发现问题了吧,master的地址正常应该使用的是192.168.5.14,这个却使用的是10.4.0.1这个ip。
同样,在node2上面,也发现相同的问题
[root@xy-5-server19 ~]# calicoctl node status
Calico process is running.
IPv4 BGP status
+--------------+-------------------+-------+------------+-------------+
| PEER ADDRESS | PEER TYPE | STATE | SINCE | INFO |
+--------------+-------------------+-------+------------+-------------+
| 192.168.5.17 | node-to-node mesh | up | 08:18:24 | Established |
| 10.4.0.1 | node-to-node mesh | start | 2023-07-17 | Connect |
+--------------+-------------------+-------+------------+-------------+
IPv6 BGP status
No IPv6 peers found.
在网上找到相同的遭遇的帖子:www.jianshu.com/p/4b175e733…
cloud.tencent.com/developer/a…
需要指定网卡,但是我使用的是operator安装的calico,直接修改calico-node的statefulset是不起作用的,会被operator改回去。跟文中的描述不一致。
问题解决
在calico官网找到相关配置:docs.tigera.io/calico/late…
然后在k8s集群中找到
[root@xy-5-server17 ~]# kubectl get Installation
NAME AGE
default 155d
[root@xy-5-server17 ~]# kubectl edit Installation default
# Please edit the object below.

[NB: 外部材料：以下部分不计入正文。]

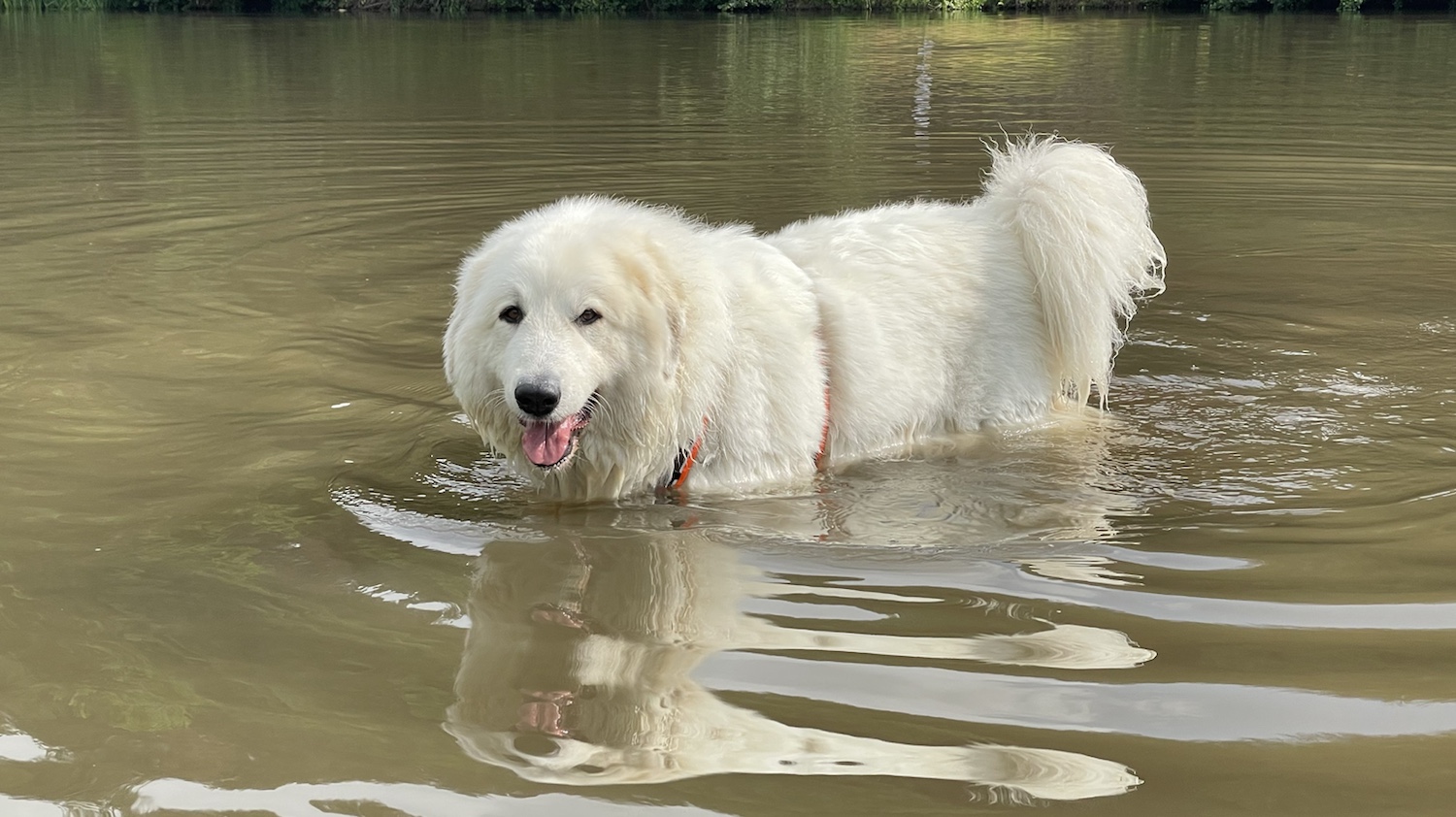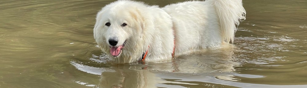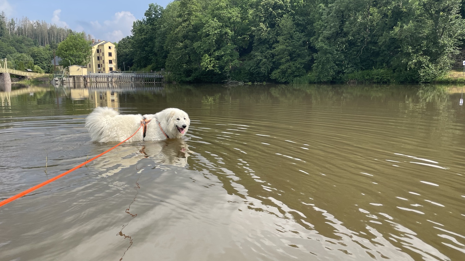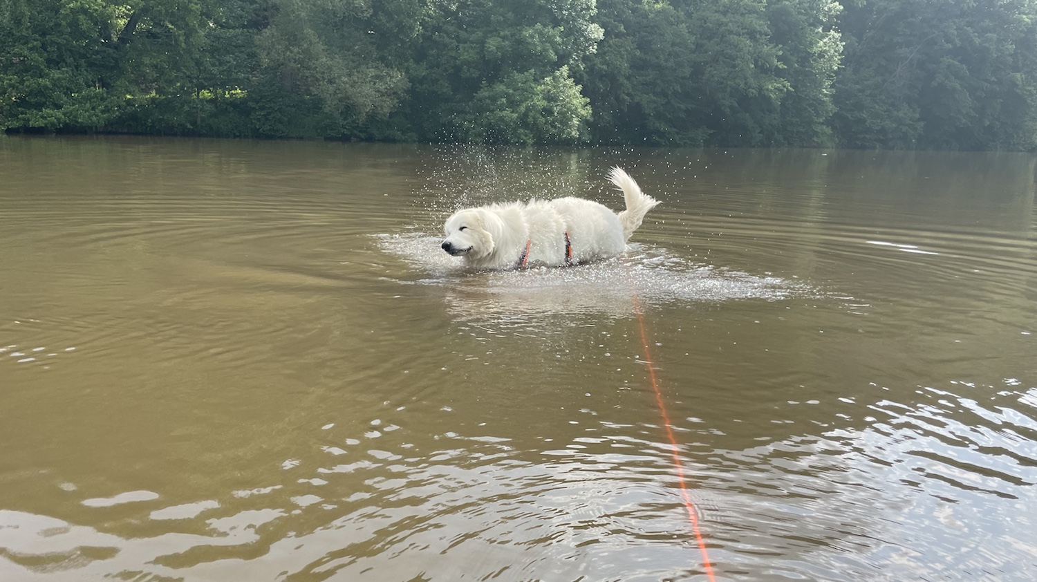 Vom Kalle sind wir dann an den großen Fluß mit dem komischen Namen gegangen. Und ich bin gleich rein ins Wasser. Das war heute gar nicht schön klar, sondern ganz braun. Weiiil, es hat geregenet, sagt mein großer Mensch.

Lines beginning with a '#' will be ignored,
# and an empty file will abort the edit. If an error occurs while saving this file will be
# reopened with the relevant failures.
#
apiVersion: operator.tigera.io/v1
kind: Installation
metadata:
creationTimestamp: "2023-02-13T09:18:18Z"
finalizers:
- tigera.io/operator-cleanup
generation: 3
name: default
resourceVersion: "151883088"
uid: 580c6998-4b1e-4616-8c0b-7a3fc4adf553
spec:
calicoNetwork:
bgp: Enabled
hostPorts: Enabled
ipPools:
- blockSize: 26
cidr: 10.244.0.0/16
disableBGPExport: false
encapsulation: VXLANCrossSubnet
natOutgoing: Enabled
nodeSelector: all()
linuxDataplane: Iptables
multiInterfaceMode: None
nodeAddressAutodetectionV4:
interface: ens4f1
cni:
ipam:
type: Calico
type: Calico
controlPlaneReplicas: 2
flexVolumePath: /usr/libexec/kubernetes/kubelet-plugins/volume/exec/
kubeletVolumePluginPath: /var/lib/kubelet
nodeUpdateStrategy:
rollingUpdate:
maxUnavailable: 1
type: RollingUpdate
nonPrivileged: Disabled
variant: Calico
status:
computed:
calicoNetwork:
bgp: Enabled
hostPorts: Enabled
ipPools:
- blockSize: 26
cidr: 10.244.0.0/16
disableBGPExport: false
将
nodeAddressAutodetectionV4:
interface: ens4f1
这段配置,改成文档中描述的那样,设置自己的网卡即可
然后发现master节点上的calico-node pod运行正常,dns pod的ip可以ping通,dns服务恢复正常,问题得到了解决。